• Work instructions: Drop the pictures, then repeat every record exactly as it stands.

Items from a dataset

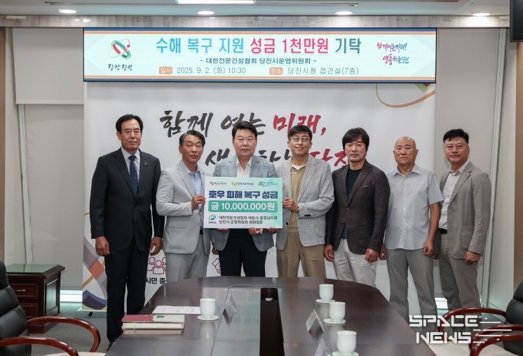 스페이스뉴스 스페이스뉴스 기자 | 대한전문건설협회 세종시·충청남도회(도회장 김종언) 및 당진시 운영위원회(위원장 윤도현)가 2일 당진시청을 방문해, 호우 피해를 본 지역 주민들을 위한 수해 성금 1,000만 원을 기탁했다.
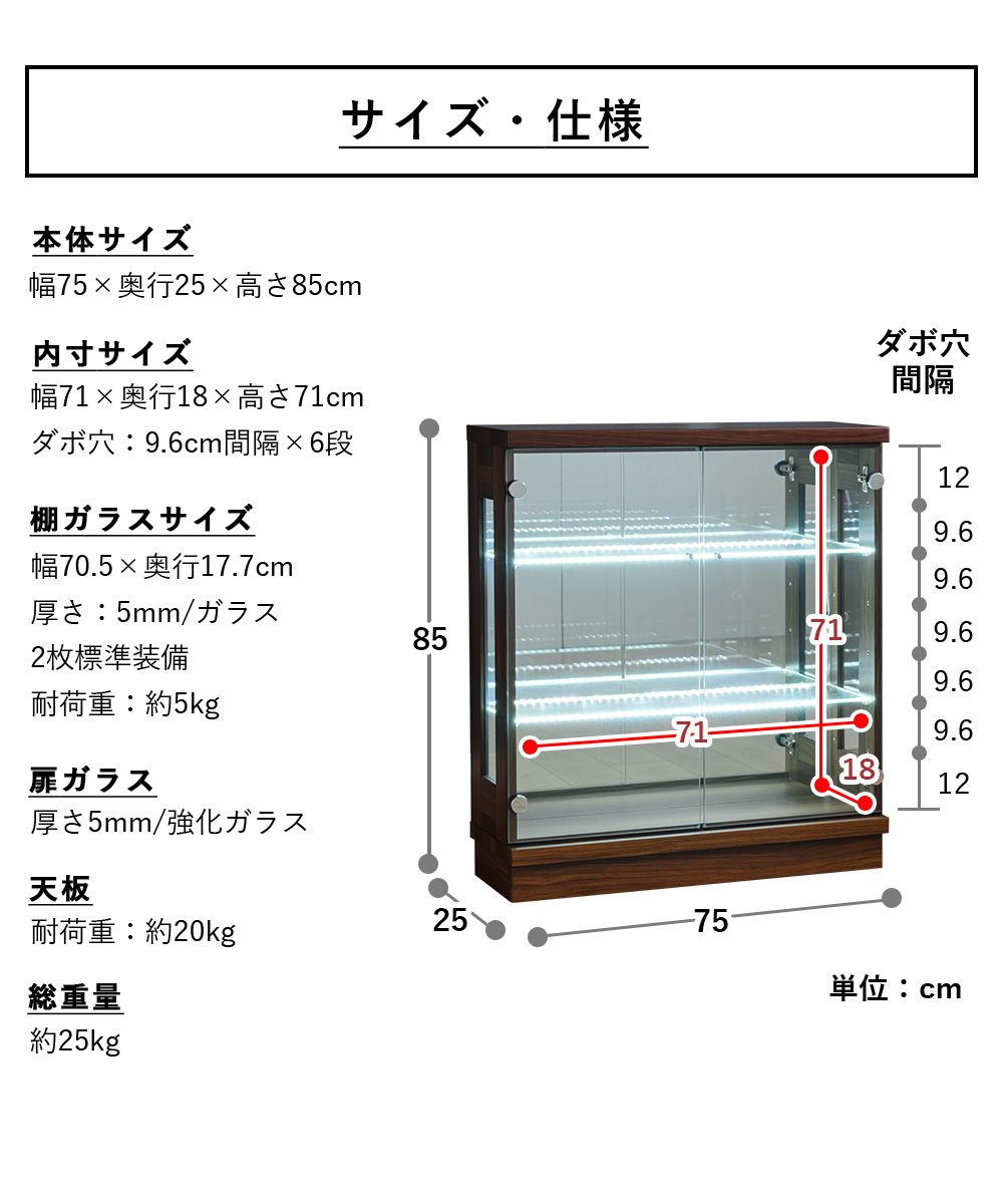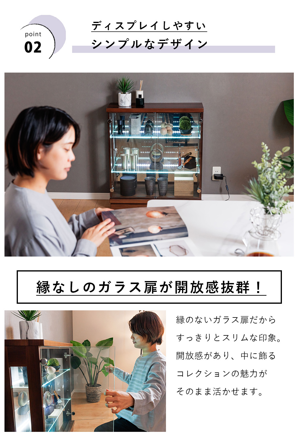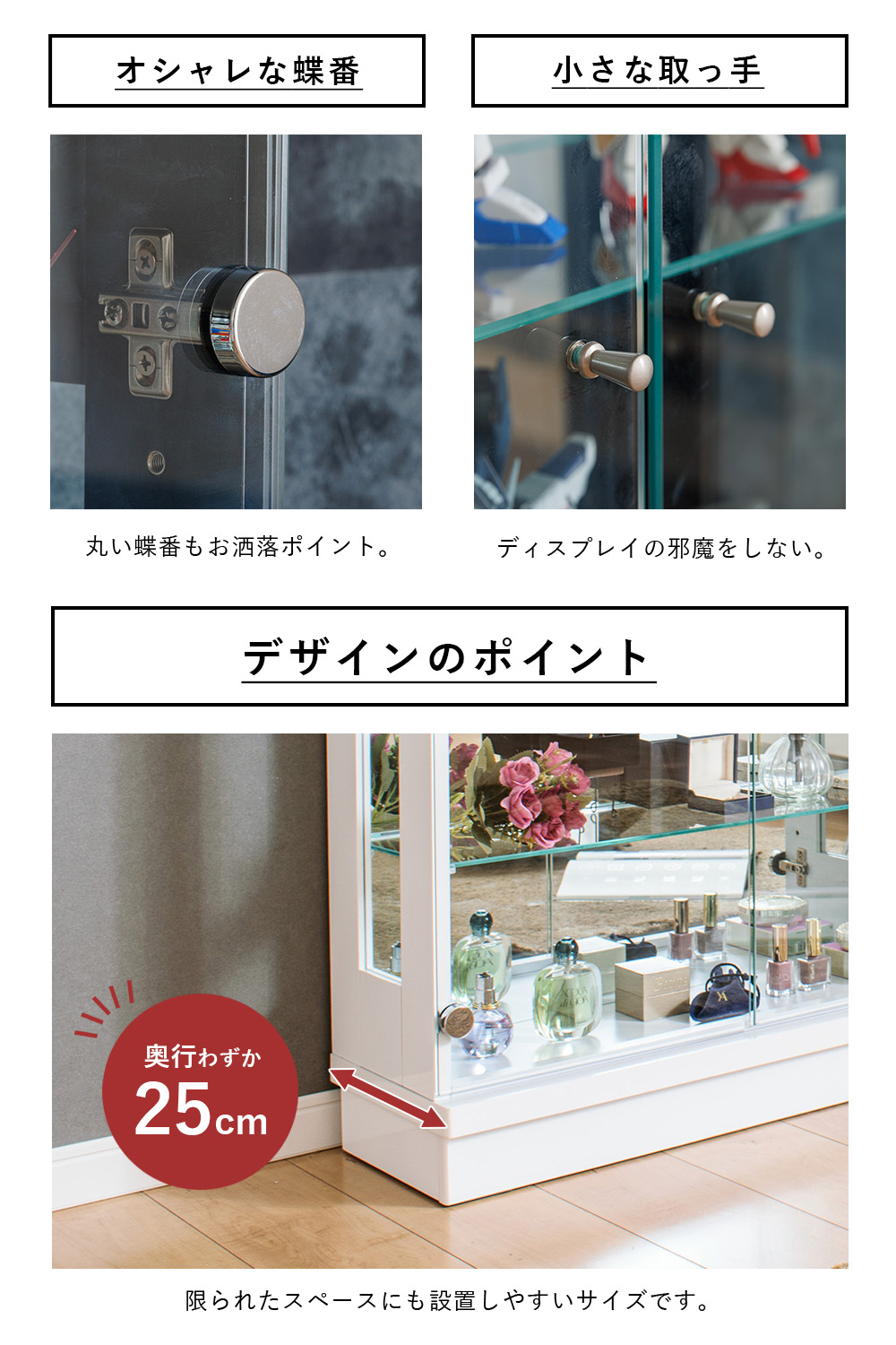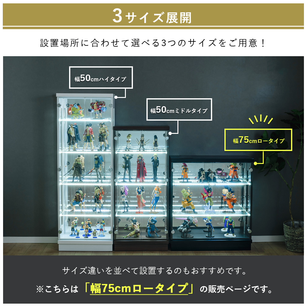 - 幅75×奥行25×高さ85cmのロータイプだから、圧迫感を抑えつつ横に広くコレクションを並べやすい
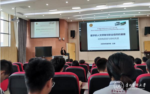 9月18日下午,在厚德楼电教中心,2020级“协和班”班主任,北京协和医学院王婧研究员,为“协和班”新生做了一场《医学的人文呼唤与职业信仰的重建》的专题讲座。王婧从协和医学院的创立、发展,再到协和先贤们的医学温情,最后介绍协和学生应具备的专业素养,向“协和班”学子展现协和医学院深厚的人文底蕴,勉励同学们要做一个医德高尚、医术精湛的高层次医学人才。
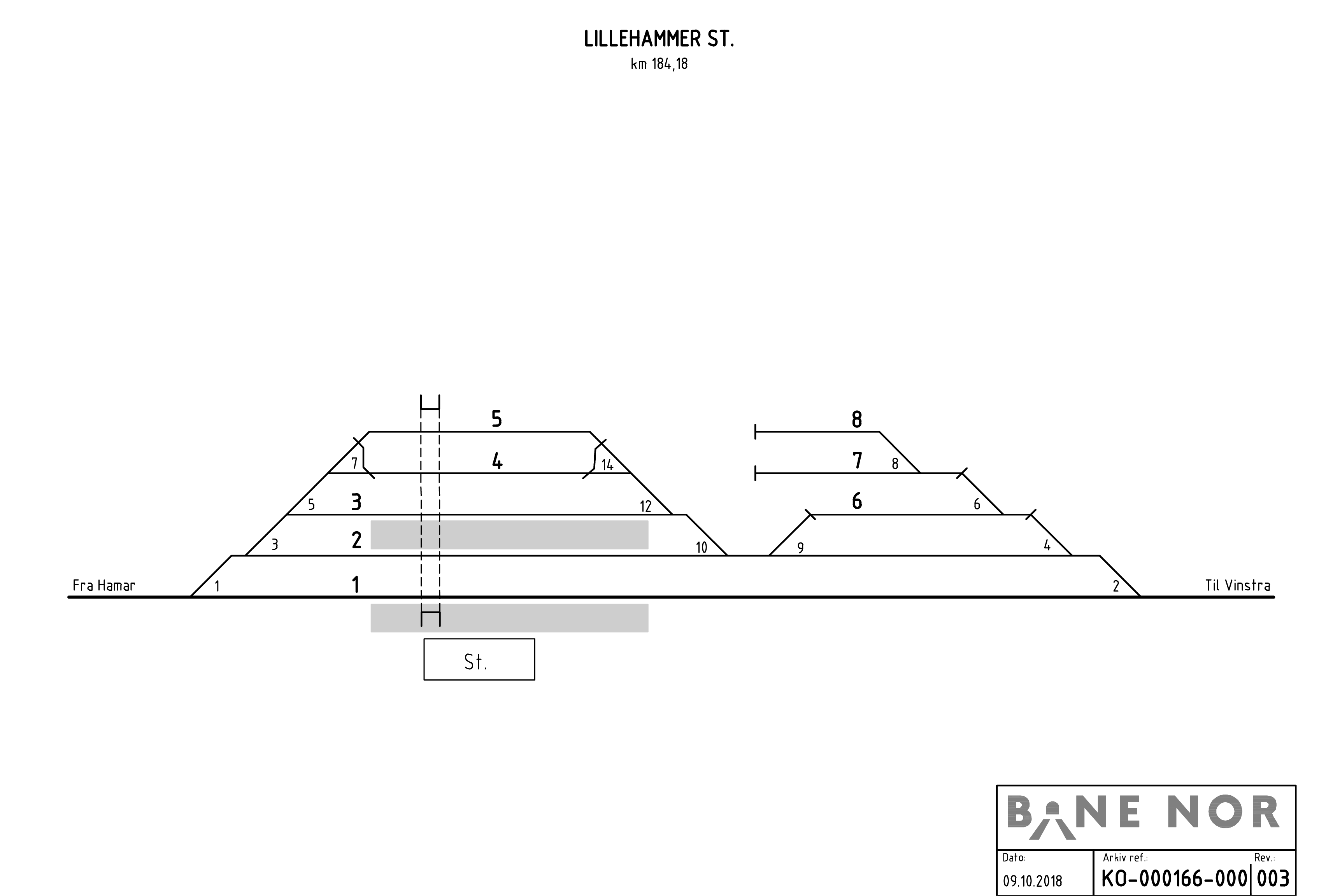 | 3 | Togspor | 411 | 283 | Spor 3 er avvikspor fra spor 2, og man må kjøre del av spor 2 nordover for å komme til hovedspor. | ||||
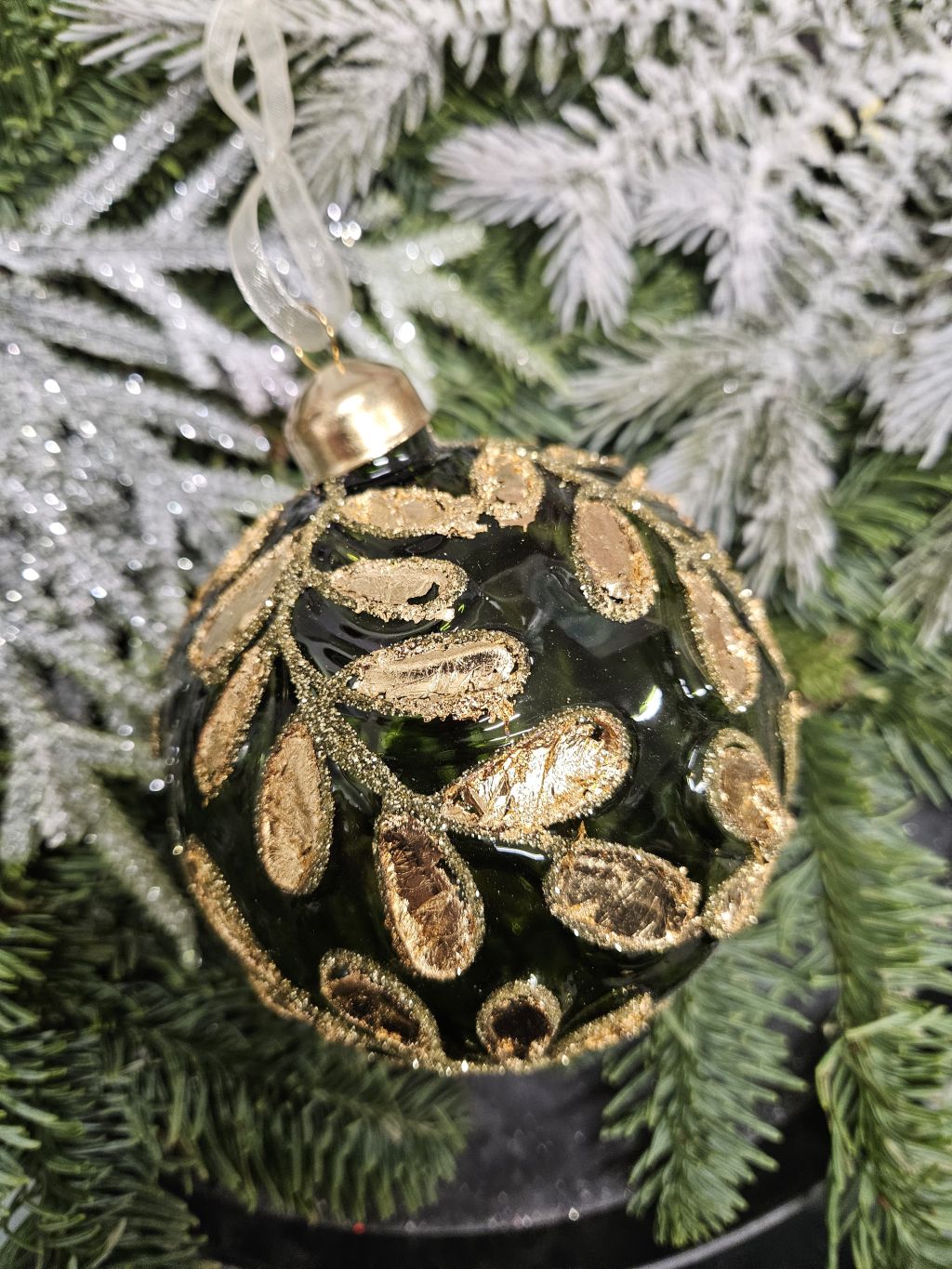 Zdobená sklenená gulička smaragdová so zlatom

• Answer to this task:
 스페이스뉴스 스페이스뉴스 기자 | 대한전문건설협회 세종시·충청남도회(도회장 김종언) 및 당진시 운영위원회(위원장 윤도현)가 2일 당진시청을 방문해, 호우 피해를 본 지역 주민들을 위한 수해 성금 1,000만 원을 기탁했다.
 - 幅75×奥行25×高さ85cmのロータイプだから、圧迫感を抑えつつ横に広くコレクションを並べやすい
 9月18日下午,在厚德楼电教中心,2020级“协和班”班主任,北京协和医学院王婧研究员,为“协和班”新生做了一场《医学的人文呼唤与职业信仰的重建》的专题讲座。王婧从协和医学院的创立、发展,再到协和先贤们的医学温情,最后介绍协和学生应具备的专业素养,向“协和班”学子展现协和医学院深厚的人文底蕴,勉励同学们要做一个医德高尚、医术精湛的高层次医学人才。
 | 3 | Togspor | 411 | 283 | Spor 3 er avvikspor fra spor 2, og man må kjøre del av spor 2 nordover for å komme til hovedspor. | ||||
 Zdobená sklenená gulička smaragdová so zlatom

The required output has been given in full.